Day 4 - Shambles Advent

Blog in a Teacup by Dr Helen Czerski

Day 4 – @mjbrogers

Every day until Christmas Dr Helen Czerski will be finding some cool, hidden science in pics of people’s every day lives. To get involved, tweet your pic to @helenczerski and @cosmicshambles with the hashtag #ShamblesAdvent

Another one from across the pond, from @mjbrogers .  The beautifully flat water in the pond is giving us a lovely reflection, with only a few ripples stopping it being a perfect mirror.  The thing that caught my eye here is that you can’t see into the water at all.  We have no idea how deep it is or what’s underneath the surface, even though water is transparent.   But before we get to that, let’s consider what we can see.

If you held a laser pointer over this pond, pointing directly downwards, all of the light would pass straight into the water.  But if you tilted the laser beam sideways a bit, it would hit the surface and split into two.  One of the new beams will go into the water, and one will reflect off the surface and back into the air.  As you tilt the laser beam more, the proportion that gets reflected gets higher and higher.  At the angles we can see here, around 90% is reflected, making the water a pretty good mirror (as this picture shows us).
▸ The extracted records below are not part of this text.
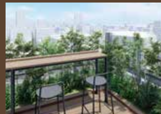
屋上ワークスペース

※ワークブース、屋上庭園及び屋上ワークスペースの家具はイメージで実際のものとは異なります。 ※掲載の完成予想CGおよび平面図は計画段階の図面を基に描き起こしたもので、実際とは多少異なります。 また、形状の細部および設備機器等については省略しております。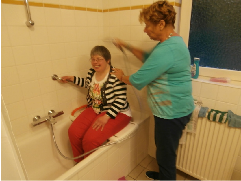
Op de badplank –dat is ontzettend handig en een aanrader om mee te nemen-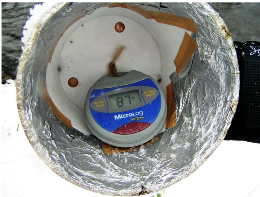
Obr. 1. Digitální sběrnice MicroLog

But for us to see into the watery world beneath, light would have to travel into it and come back out again.  The light going in is everything that isn’t reflected: the water surface isn’t taking anything away here, just diverting it.  So there’s probably quite a bit of light going in, even on an autumn day when the sun is low in the sky.  But very little of it comes back out.

If you were looking up at the water surface from underneath, you would also looking at a mirror.  Light travelling straight up from the pond bottom will pass through the surface and reach the atmosphere again, but light hitting the underside at a shallow angle will be reflected back downwards.  The difference is that beyond a certain angle, it’s all reflected. The light is trapped, and can’t get back out to show us what’s down there.   A tiny fraction of it could reach us at our low viewing point, but it’s insignificant.  So the pond is effectively covered with an optical shield.  Water may be transparent, but it’s perfectly capable of hiding things.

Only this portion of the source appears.